Inhibition of generation and differentiation of Th17 cells by CD39⁺ Tregs.

We purified CD39⁺ CD4⁺ CD25^high T cells from both TPE and blood and found that majority of this Th subset were FOXP3 positive (92 to 97%) and CD127 negative (90 to 96%), possessing phenotypes typical of Tregs (Fig. 3 A).

To assess the suppressor activity of these Tregs, we separated CD39⁺ Tregs and naïve CD4⁺ T cells from TPE and blood and then determined their proliferative capacity and the effect of CD39⁺ Tregs on CD4⁺ T cell proliferation. As shown in the representative suppression data (Fig. 3B), proliferative responses to anti-CD3 and -CD28 MAbs were observed in the purified naïve CD4⁺ T cell populations from TPE. When naïve CD4⁺ T cells were cultured with CD39⁺ Tregs, the proliferative response decreased as CD39⁺ Treg numbers increased.

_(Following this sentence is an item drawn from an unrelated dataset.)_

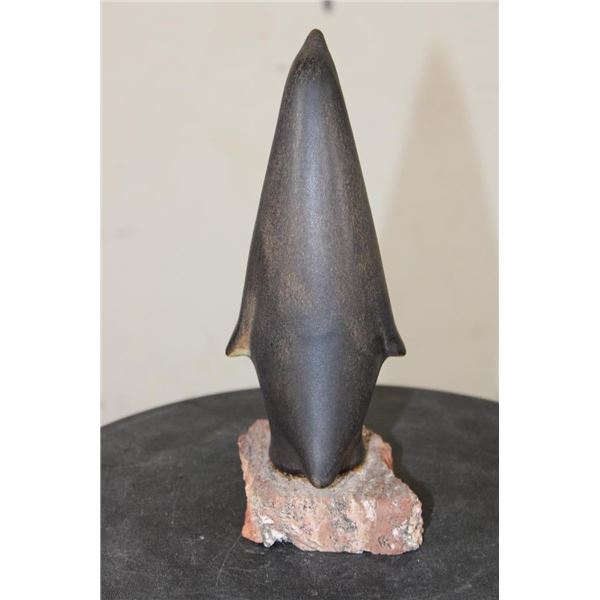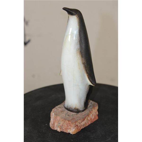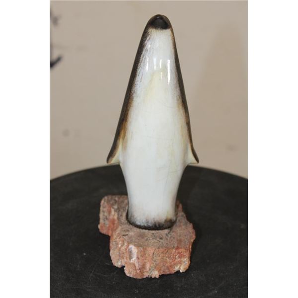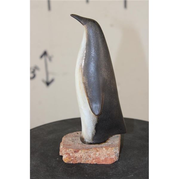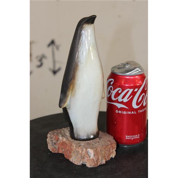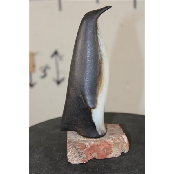 Original Ceramic PENGUIN Sculpture on a Petrified Wood Base signed "Daga" (on the bottom) by the artist Maigonis Daga. It measures 4.25" Long x 3.5" Wide x 8.5" Tall. The Total Weight is 1 lb 2 oz. COLLECTIBLE ART SCULPTURES

As shown in Fig. 3C, generation and differentiation of Th17 cells were observed when the purified naïve CD4⁺ T cells were cultured for 7 days in the presence of IL-1β and IL-6. When CD39⁺ Tregs were added into the coculture, Th17 cell numbers decreased as CD39⁺ Treg numbers increased. There were no differences in inhibiting effects on Th17 cell numbers between pleural CD39⁺ Tregs and blood CD39⁺ Tregs.

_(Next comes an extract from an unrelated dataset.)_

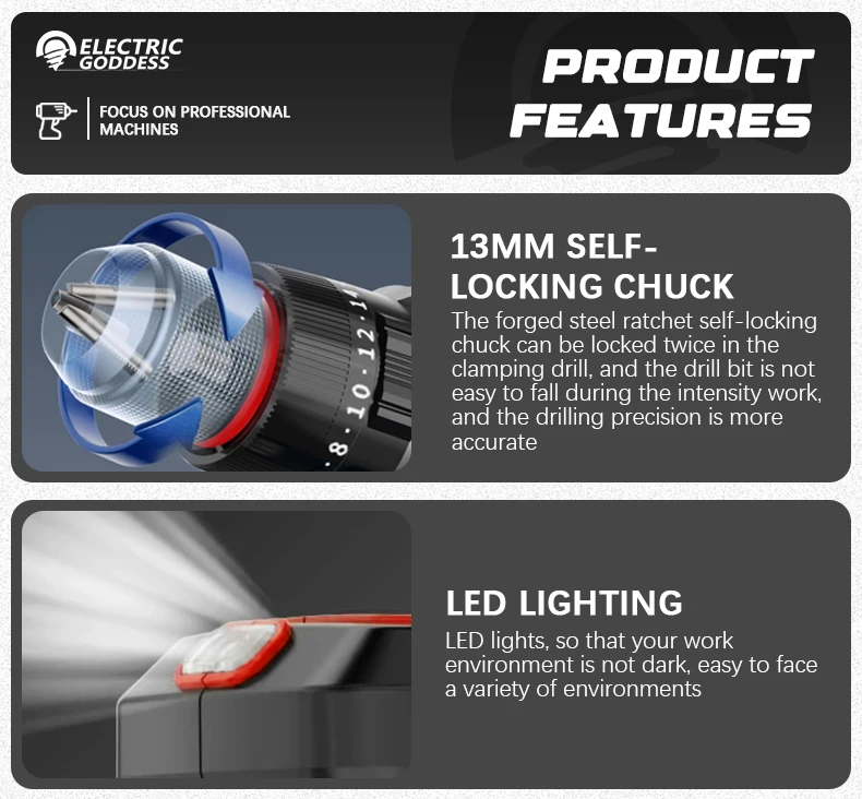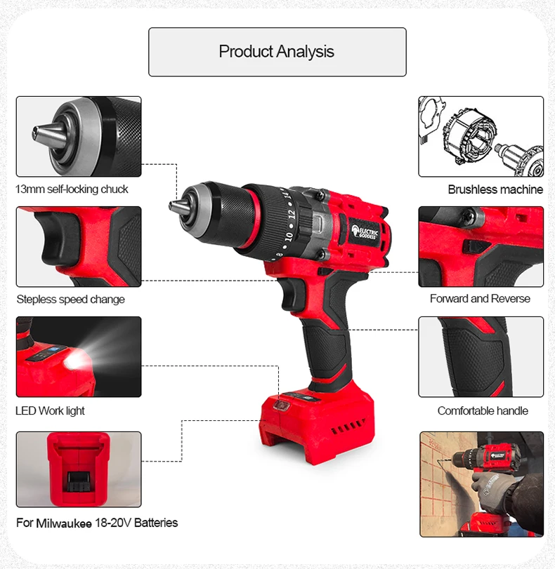 ElectricGoddess Brushless Impact Drill 120N Mini Electric Drill Cordless Electric Screwdriver Repair Milwaukee Electric Tool Set

LAP mediates Treg-induced inhibition of Th17 Cells.

We determined LAP expression of on the cell surface of CD39⁺ Tregs by flow cytometry and found that LAP surface expressions on fleshly purified pleural CD39⁺ Tregs (median, 11.6%; 25th to 75th percentiles, 9.2% to 12.3%) were much higher than those in blood CD39⁺ Tregs (median, 2.1%; 0.8% to 4.1%) (P < 0.001); when CD39⁺ Tregs were cultured with plate-bound anti-CD3 and soluble anti-CD28 MAbs in the presence of TGF-β for 7 days, the expression of LAP increased significantly (median, 71.4%; 59.0% to 74.5%) (Fig. 4 A).

The nature of LAP present on the surface of CD39⁺ Tregs that were responsible for their suppressive activity was also investigated in the present study. To do this, purified naïve CD4⁺ T cells served as a control, and CD39⁺ Tregs were cultured with CFSE-labeled naïve CD4⁺ T cells at a ratio of 1:1 in the presence of an isotype control or neutralizing anti-LAP MAbs. The representative suppression data for 1 from 5 TPE experiments are shown in Fig. 4B. CFSE⁺ CD4⁺ T cells alone proliferated extensively in size as reflected by increased forward scatter. The addition of isotype control MAb did not exert any effect on the inhibitory activity of CD39⁺ Tregs on the proliferative response of naïve CD4⁺ T cells. In contrast, the addition of anti-LAP MAb significantly reduced the inhibitory activity of CD39⁺ Tregs.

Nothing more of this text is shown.